Achando fazer o certo, Alba cada vez mais procurava a atenção da filha e o dinheiro que a família possuía jamais fora poupado para suprir os caprichos de Fedora, por exemplo. A Senhora Rocha acreditava que o dinheiro poderia comprar tudo, até mesmo o amor de sua filha. Portanto, nada adiantava e o pior ainda estava por vir.
O pesadelo de Fedora
Numa tarde de primavera, no retorno de um agradável passeio com seu marido em volta do lago principal da cidade, Alba retornava para casa consumida pela alegria dos raios de sol. Absorta em seu estado de graça, não notou quando um homem aproximou-se sorrateiramente e, de súbito, encostou o cano do revolver nas costas de Pedro. A intenção era roubar as jóias, colar e anel, que Alba orgulhosamente ostentava.
Na tentativa de defender a esposa, Pedro reagiu naturalmente empurrando Alba para o lado. Fato que assustou o ladrão, que em seguida disparou o revólver, descarregando os seis tiros no casal. Quatro balas perfuraram o corpo de Pedro, que chegou a ser encontrado com vida pela equipe de socorristas, mas devido aos ferimentos, faleceu a caminho do hospital.
Alba, a doce e gentil Alba falecera na hora. Dois tiros no peito. Duas vidas perdidas a troco de nada. O homem que tentou assaltá-los fugira após os disparos. Não encontraram o assassino, apesar das buscas intensivas da polícia, por tratar-se de uma família de nobres da região.
O anel
Fedora recebera a notícia da tragédia com pesar. O sentimento que nutria por sua mãe tornara-se ínfimo diante da dor da perda. Seus pais se foram para sempre. Em casa apenas os bens materiais. Bens de uma riqueza que jamais supriria o amor paterno. Apesar de todo o dinheiro o amor incondicional que lhe alimentava o espírito, não estaria mais ao seu lado.

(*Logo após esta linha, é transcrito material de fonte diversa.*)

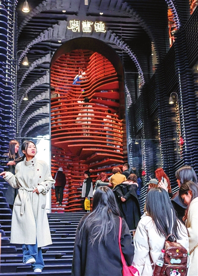 旅游区给书店带来人气,而书店也成就了旅游区的文化底蕴。店长告诉记者,作为全国性书店品牌,钟书阁在全国开的旅游型门店比较少,天津算是一个。书店开业半年多来,接待顾客20万人次。钟书阁不仅仅是一个书店,更是一个文化综合体,定期会举办作家见面会、专题讲座、亲子共读等活动。遇到节假日,钟书阁经常是“人满为患”,需要限流。为了减少顾客排队等待的时间,下一步,钟书阁准备采取预约制的形式,希望能给大众带来更好的读书、购书体验,同时,其还将推出结合天津本地特色的文创产品,让书店成为天津精神文明建设的“精神驿站”。

No dia do velório de Alba e Pedro, toda a alta sociedade veio prestar as últimas homenagens ao ilustre casal. De pé, ao lado das urnas com os corpos, recebendo pesares de amigos e parentes, estava Fedora. Não mais aquela menina mimada, mas uma mulher, envelhecida anos em algumas horas.
Só, apenas sua dor como companhia, quando chega seu noivo. Após uma breve troca de palavras de conforto, permanece ao seu lado na cerimônia – “Bonito anel”, ele disse, pra disfarçar a tristeza. Fedora caiu em prantos cobrindo o rosto com as mãos ornadas pelo anel que fora de sua mãe.
por Sal
Sobre um conto chamado O Anel de Fedora
“Bonito anel”, ele disse, pra disfarçar a tristeza.
A partir dessa frase o conto “O Anel de Fedora” foi criado, para um exercício da aula de Redação, na faculdade de Jornalismo, da Univali, nos anos 2000.
A proposta é que cada aluno, com uma frase apenas, dada pelo professor aleatoriamente, criasse um texto.
Lembro que minha reação foi de preocupação. Achei difícil a proposta. Mas, por outro lado, gosto de desafios. Acima de tudo, gosto de criar, de escrever. Abracei a causa e assim surgiu O Anel de Fedora.
Também gosto de utilizar em meus textos palavras pouco usuais, como “pérfido”, “alheia”, “altivez”… todas inconcebíveis em um texto jornalístico, ou mesmo para um post de um blog. Como resultado, sempre tive poucas oportunidades em usá-las.
Agora a memória não me deixa lembrar se era da aula da Silvia Quevedo ou Laura Seligman, ou Sandro Galarça … portanto, já cito os três de uma vez para não ser injusto.
Não sei porque escolhi o nome Fedora. Acho que para mim soava pomposo e eu queria remeter a uma época antiga, mais romântica. Da mesma forma queria um nome sonoro, forte.
E lá se vai mais de uma década. Além disso, a memória do velhinho aqui já não é mais a mesma!
Saudades das aulas, dos professores e da turma!